Synthesize the CDK application

cdk synth

4/ Deploy the application

✅ Recommended: deploy for local development

cdk deploy --all

4/ Optional: Set up the Amplify Web Application

If you are reading this it is because you deployed the carbon data lake guidance with sample code Web Application by setting deployWebStack: true in the cdk.context.json file. Your application is already up and running in the AWS Cloud and there are a few simple steps to begin working with and editing your application.

Visit the AWS Amplify Console by navigating to the AWS Console and searching for Amplify. Make sure you are in the same region that you just selected to deploy your application.
Visit your live web application --> click on the link in the Amplify console When you open the web application in your browser you should see a cognito login page with input fields for an email address and password. Enter your email address and the temporary password sent to your email when you created your carbon data lake guidance with sample code CDK Application. After changing your password, you should be able to sign in successfully at this point.

NOTE: The sign-up functionality is disabled intentionally to help secure your application. You may change this and add the UI elements back, or manually add the necessary users in the cognito console while following the principle of least privilege (recommended).
Learn more about working with AWS Amplify CLI or the AWS Amplify Console.
Make the web application your own and let us know what you choose do to with it.

Success! At this point, you should successfully have the Amplify app working.

Optional A/ Manually enable & set up Amazon Quicksight Stack

If you choose to deploy the Amazon Quicksight business intelligence stack it will include prebuilt data visualizations that leverage Amazon Athena to query your processed data.

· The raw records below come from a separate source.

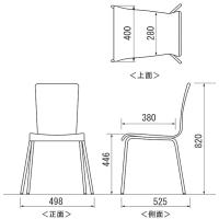 | 材質 | ●背・座:合板(塗装仕上げ) ●脚部:スチール(クロームメッキ仕上げ) ●床設置面クッション材:PVC |
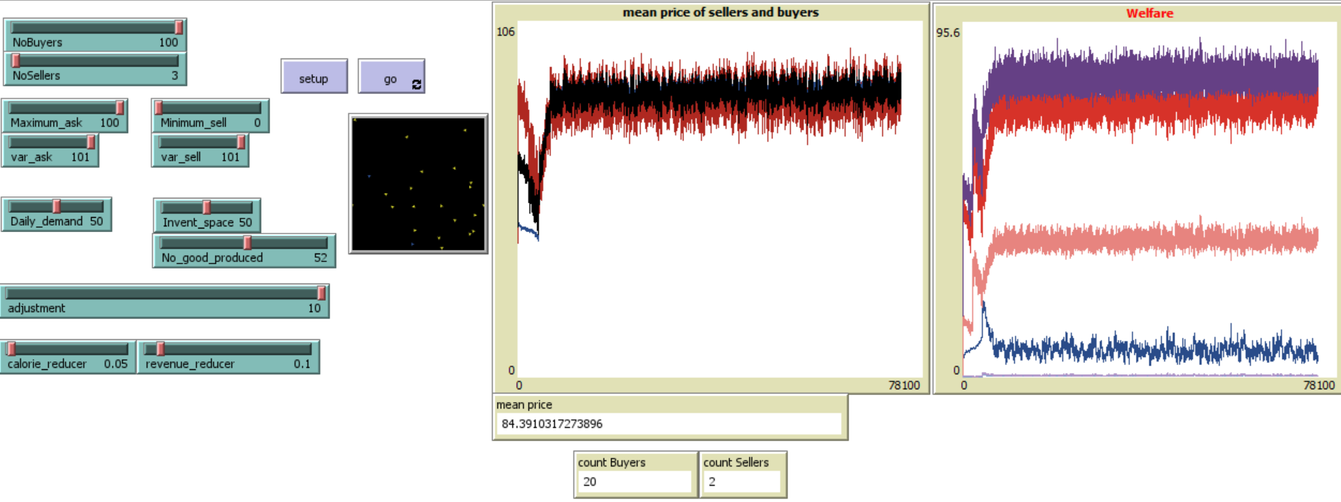 Globals [price last_price producer-surplus consumer-surplus total-surplus] Breed [Buyers Buyer] Breed [Sellers Seller] Buyers-own [Maximum_asking_price willingtopay consumersurplus B_stock Demand able_buy B_price last_B_Price calorie] Sellers-own [Minimum_selling_price willingtosell producersurplus S_stock Inventory_space able_sell S_price last_S_price revenue] turtles-own [partner] to setup clear-all create-Buyers NoBuyers[ setxy random-xcor random-ycor ] create-Sellers NoSellers[ setxy random-xcor random-ycor ] ask Buyers [ set color yellow set Maximum_asking_price Maximum_ask - random var_ask set B_stock 0 set last_B_price Maximum_asking_price set B_price last_B_price set calorie 100 ] ask Sellers [ set color blue set Minimum_selling_price Minimum_sell + random var_sell set S_stock 0 set last_S_price Minimum_selling_price set S_price last_S_price set revenue 100 ] reset-ticks end to go update-plots produce_good_and_income set_price seek_seller ask Sellers with [color = red][ set color blue] ask Sellers [ if revenue <= 0 [die]] ask Buyers [ if calorie <= 0 [die] ] tick end to produce_good_and_income ask Sellers [ set Inventory_space Invent_space if S_stock < Inventory_space [ set S_stock S_stock + No_good_produced if S_stock >= Inventory_space [ set S_stock Inventory_space ]]] ask Buyers [ set Demand Demand + Daily_demand ] end to set_price ask Sellers [ ifelse able_sell = 0 [ set revenue revenue - revenue_reducer set S_price last_S_price - random-float adjustment if S_price < Minimum_selling_price[ set S_price Minimum_selling_price]] [let prob random 6 if prob = 1 [ set S_price last_S_price + random adjustment]] set able_sell 0 ] ask Buyers [ ifelse able_buy = 0 ; variable, when able to buy, + 1, will be wiped away [ set calorie calorie - calorie_reducer set B_price last_B_price + random-float adjustment if B_price > Maximum_asking_price [ set B_price Maximum_asking_price ]] [let prob random 6 if prob = 1 [ set B_price last_B_price - random adjustment]] set able_buy 0 ] ; reset the values end to seek_seller ask buyers [ let available_sellers Sellers with [color = blue] let whom one-of available_sellers if whom = nobody [stop] ask whom [set color red] let seller_price [S_price] of whom if (B_price - seller_price >= 0) [ let common_price (B_price + [S_price] of whom) / 2 set consumersurplus (Maximum_asking_price - common_price) set last_B_price common_price set calorie calorie + 1 set able_buy able_buy + 1 ask whom [ set last_S_price common_price set able_sell able_sell + 1 set revenue revenue + 1 set producersurplus (common_price - Minimum_selling_price) ] ] ] end
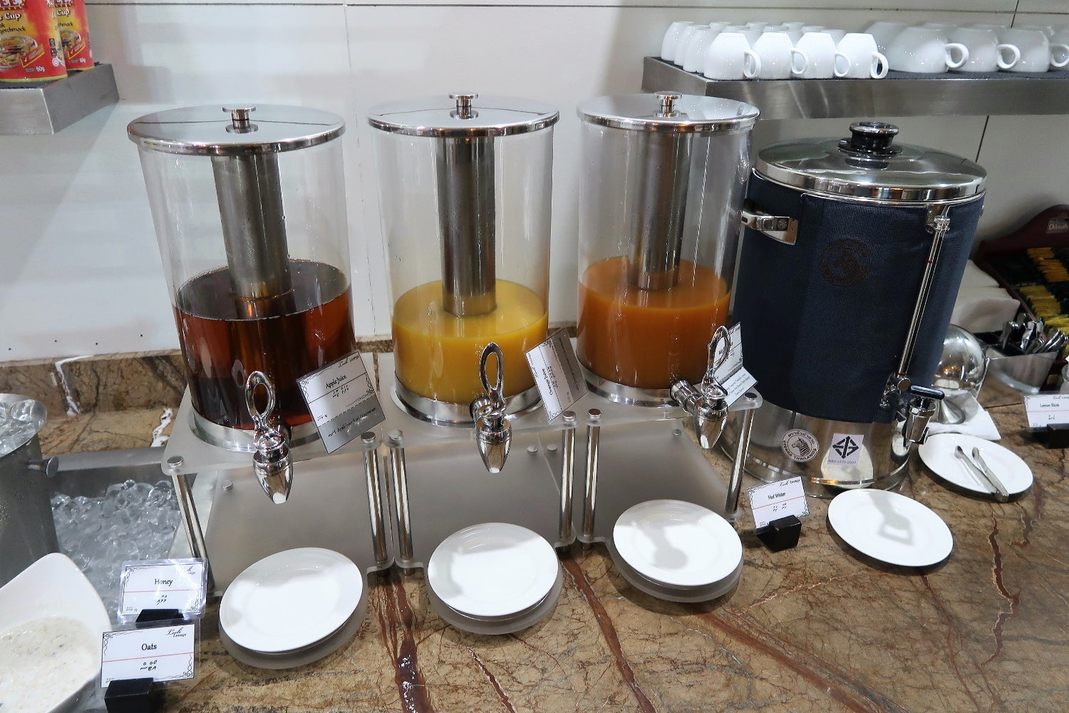 On the counter, there were also containers of juice, a container of hot water and a coffee machine.
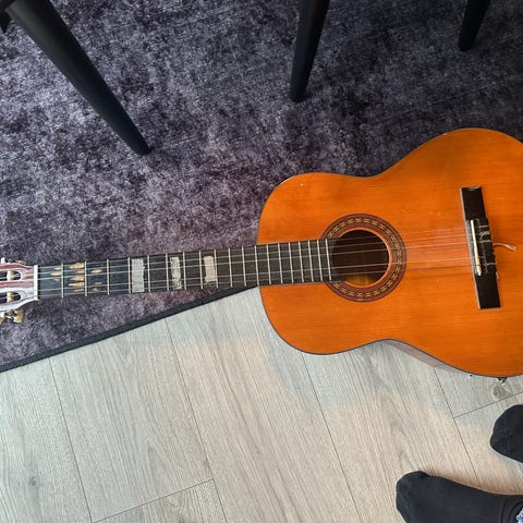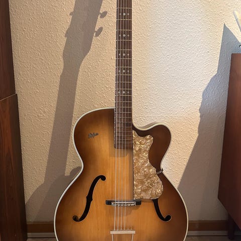 Sælger denne gamle akustiske guitar i klassisk jazz/archtop-stil. Den har et smukt naturligt træfinish, dekorative f-huller og et karakteristisk vintage udtryk. Perfekt til dig der samler eller ønsker et unikt instrument med historie.
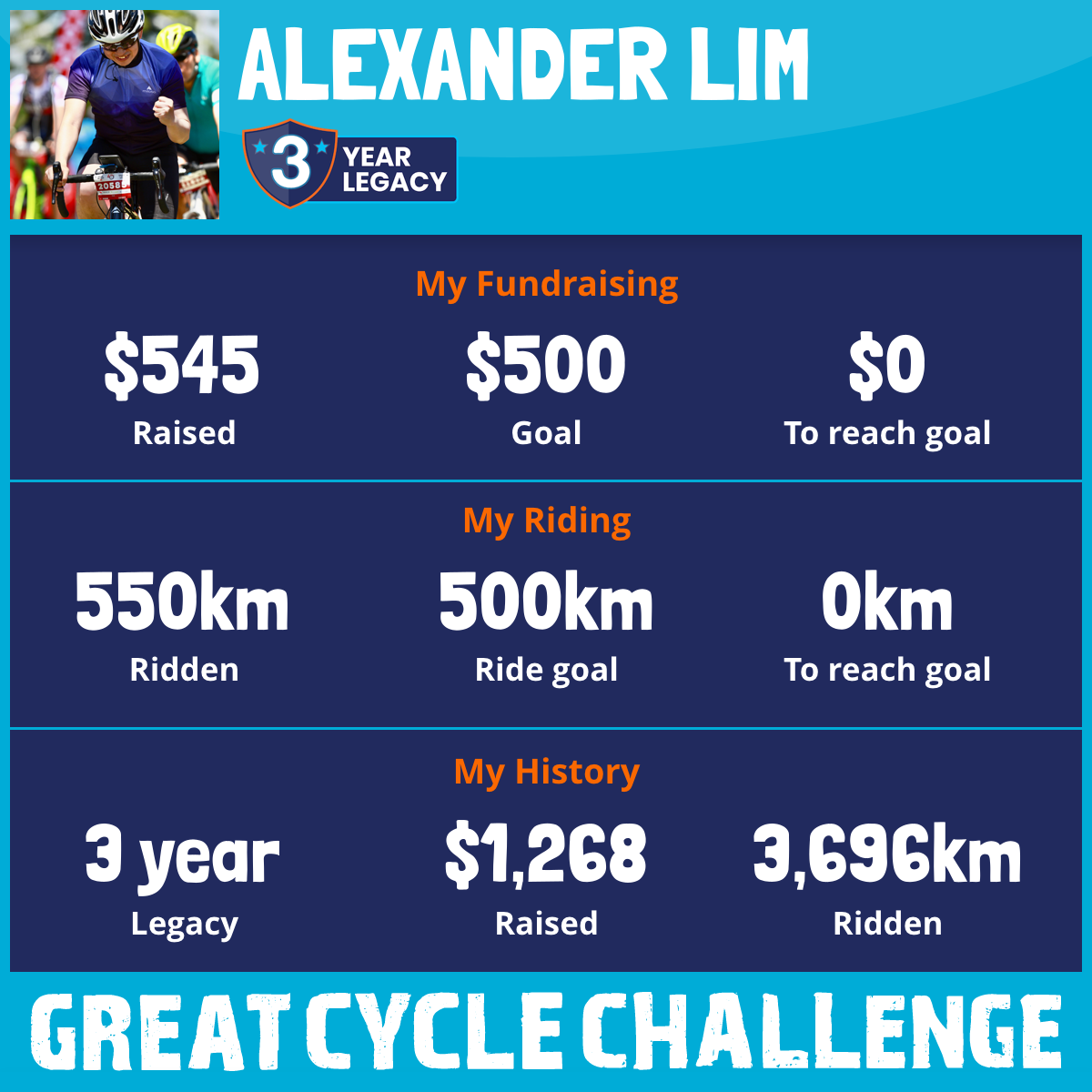 1,461 km Ridden$545 Raised2026
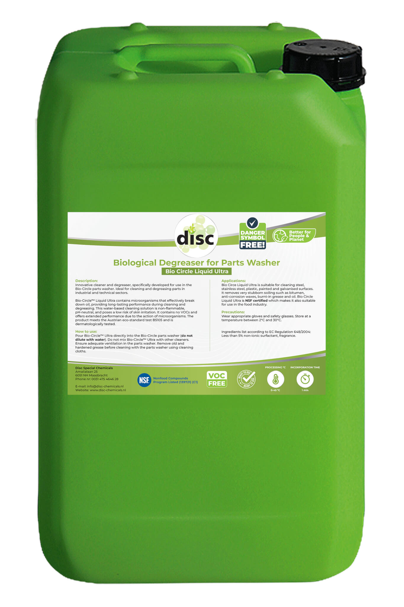 Bio Circle Liquid Ultra ist ein nicht brennbarer Werkstattreiniger, ideal als Teilewaschgerät Reiniger für ein Teilewaschtisch.Er gibt keine giftigen Dämpfe ab und erfordert daher keine zusätzliche Absaugung. Fette, Öle und Ruß werden durch Mikroorganismen auf natürliche Weise abgebaut. Dieser Teilereiniger eignet sich hervorragend zur Reinigung von Stahl, Edelstahl, Kunststoff, lackierten und verzinkten Oberflächen. Dank der NSF-Zertifizierung ist Bio Circle Liquid Ultra auch für den Einsatz in der Lebensmittelindustrie zugelassen Weitere Informationen

If you elect to deploy this stack you will need to remove the comments.

Before you proceed you need to set up your quicksight account and user. This needs to be done manually in the console, so please open this link and follow the instructions here.

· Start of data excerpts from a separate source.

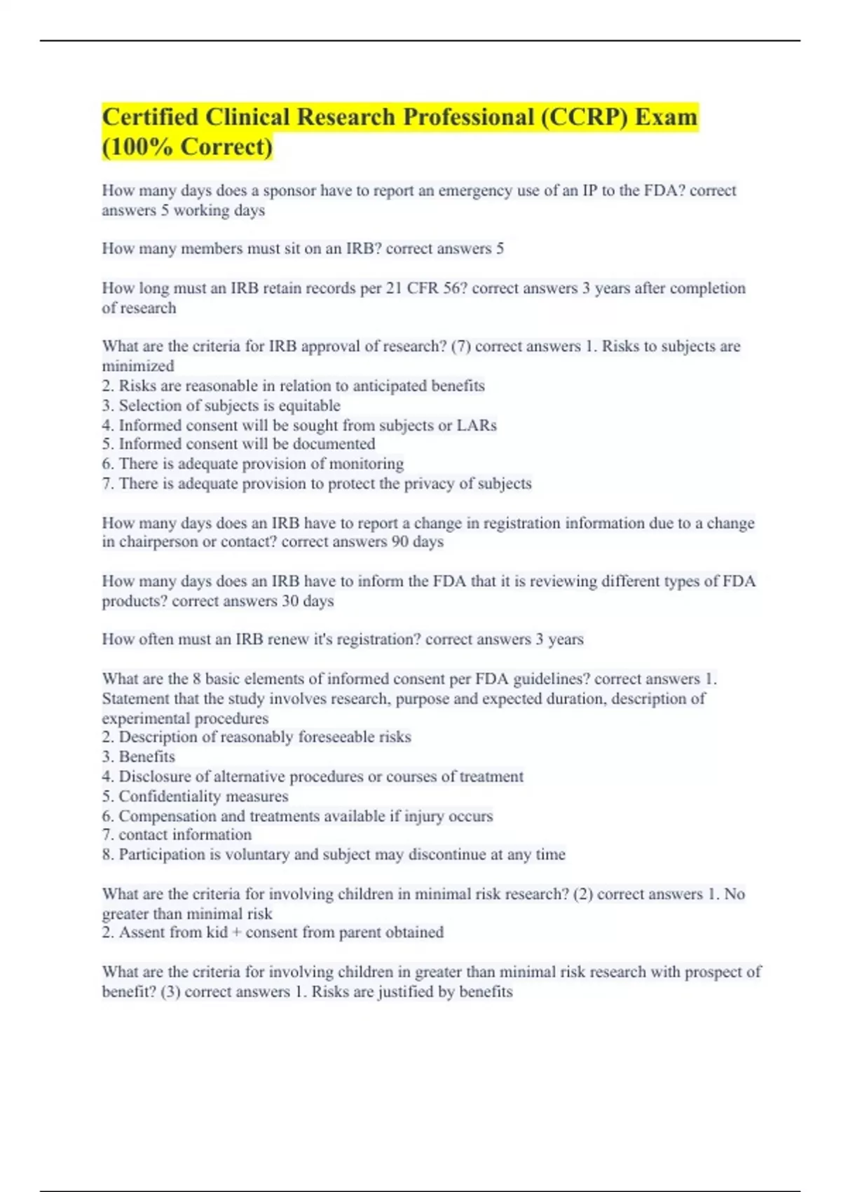 How many days does a sponsor have to report an emergency use of an IP to the FDA? correct answers 5 working days How many members must sit on an IRB? correct answers 5 How long must an IRB retain records per 21 CFR 56? correct answers 3 years after completion of research What are the criteria for IRB approval of research? (7) correct answers 1. Risks to subjects are minimized 2. Risks are reasonable in relation to anticipated benefits 3. Selection of subjects is equitable 4. Informed consent will be sought from subjects or LARs 5. Informed consent will be documented 6. There is adequate provision of monitoring 7. There is adequate provision to protect the privacy of subjects How many days does an IRB have to report a change in registration information due to a change in chairperson or contact? correct answers 90 days How many days does an IRB have to inform the FDA that it is reviewing different types of FDA products? correct answers 30 days How often must an IRB renew it's registration? correct answers 3 years What are the 8 basic elements of informed consent per FDA guidelines? correct answers 1. Statement that the study involves research, purpose and expected duration, description of experimental procedures 2. Description of reasonably foreseeable risks 3. Benefits 4. Disclosure of alternative procedures or courses of treatment 5. Confidentiality measures 6. Compensation and treatments available if injury occurs 7. contact information 8. Participation is voluntary and subject may discontinue at any time What are the criteria for involving children in minimal risk research? (2) correct answers 1. No greater than minimal risk 2. Assent from kid + consent from parent obtained What are the criteria for involving children in greater than minimal risk research with prospect of benefit? (3) correct answers 1. Risks are justified by benefits
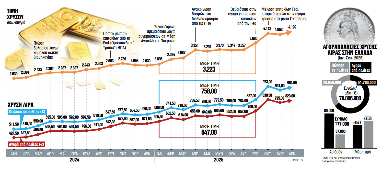 Αντίστοιχα, οι τιμές χρυσής λίρας στην ΤτΕ έχουν ακολουθήσει ανοδική πορεία: στις 31 Δεκεμβρίου 2024 η κεντρική τράπεζα αγόραζε στα 568,5 ευρώ και πουλούσε στα 666,31 ευρώ, ενώ στις 5 Δεκεμβρίου 2025 οι τιμές είχαν διαμορφωθεί στα 822,55 και 963,72 ευρώ αντίστοιχα – αύξηση περίπου 45%.
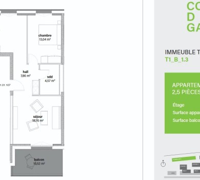 Beau 2.5 pièces récent, dans le quartier Cour de Gare à Sion
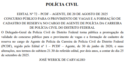A Polícia Civil do Distrito Federal (PCDF) prorrogou por mais dois anos a validade do último edital do concurso para Agente de Polícia!

To deploy this stack navigate to cdk.context.json and change deployQuicksightStack value to true and redeploy the application by running cdk deploy --all

Optional B/ Manually enable & set up Forecast stack

The forecast stack includes a pre-built sagemaker notebook instance running an .ipynb with embedded machine learning tools and prompts.

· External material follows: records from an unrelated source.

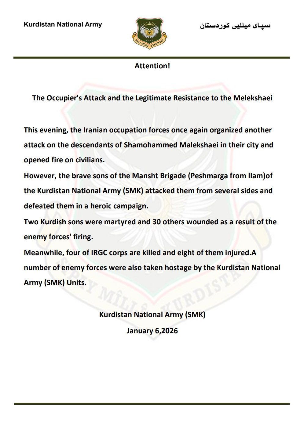 伊朗的“库尔德国民军”向伊朗伊斯兰政权部队宣战伊朗的库尔德斯坦国民军(SMK)发表官方声明,确认在马利克沙希发生针对平民的袭击后,已对伊朗政权部队进行全面开战。声明称,伊朗占领军向该地区平民开火。包括来自伊拉姆省(伊兰省)的库尔德武装和佩什梅加在内的库尔德武装从多个方向予以还击。据报道,冲突造成库尔德人伤亡,数十人受伤,多名伊斯兰革命卫队成员死伤,另有多名伊朗伊斯兰政权部队成员被俘。声明将此次行动描述为对德黑兰政权在库尔德人控制区持续镇压的回应。
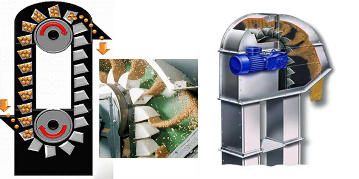 TD型斗式提升機采用橡膠輸送帶作為牽引構件,以掏取式來完成物料的裝載。裝載的進料口設在設備的尾部,這樣更有利于物料的裝載輸送。當物料通過進料口被放入提升機底端后,使畚斗(即料斗)在輸送帶的牽引下,裝入物料勻速向上運行;當載有物料的畚斗運行至頂端,以離心式或者混合式方式卸料;這樣就完成提升機的整個輸送過程。
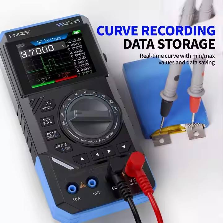FNIRSI DST-210 Oscilloscopio portatile 3-in-1 48MSa/s 10MHz, protezione ±400V, schermo TFT 2,8'' regolabile, batteria 3000mAh
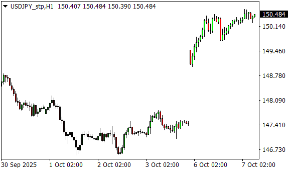 Vývoj měnového páru USD/JPY (1hodinový graf - H1):

To deploy this stack navigate to cdk.context.json and change deploySagemakerStack value to true and redeploy the application by running cdk deploy --all

🗑 How to Destroy

You can destroy all stacks included in carbon data lake guidance with sample code with cdk destroy --all. You can destroy individual stacks with cdk destroy --StackName. By default using CDK Destroy will destroy EVERYTHING. Use this with caution! We strongly recommend that you modify this functionality by applying no delete defaults within your CDK constructs. Some stacks and constructs that we recommend revising include:

DynamoDB Tables
S3 Buckets
Cognito User Pools

Work with outputs

The CDK stacks by default export all stack outputs to cdk-outputs.json at the top level of the directory. You can disable this feature by removing "outputsFile": "cdk-outputs.json" from cdk.json but we recommend leaving this feature, as it is a requirement for some other features. By default this file is ignored via .gitignore so any outputs will not be committed to a version control repository. Below is a guide to the standard outputs.

Shared Resources Stack Outputs

Shared resource stack outputs include:

cdlAwsRegion: Region of CDK Application AWS Deployment.
cdlEnrichedDataBucket: Enriched data bucket with outputs from calculator service.
cdlEnrichedDataBucketUrl: Url for enriched data bucket with outputs from calculator service
cdlDataLineageBucket: Data lineage S3 bucket
cdlDataLineageBucketUrl: Data lineage S3 bucket URL

API Stack Outputs

-cdluserPoolId: Cognito user pool ID for authentication -CLQidentityPoolId: Cognito Identity pool ID for authentication -cdluserPoolClientId: Cognito user pool client ID for authentication -cdlcdlAdminUserRoleOutput: Admin user role output -cdlcdlStandardUserRoleOutput: Standard user role output -cdlApiEndpoint: GraphQL API endpoint -cdlApiUsername: GraphQL API admin username -cdlGraphQLTestQueryURL: GraphQL Test Query URL (takes you to AWS console if you are signed in).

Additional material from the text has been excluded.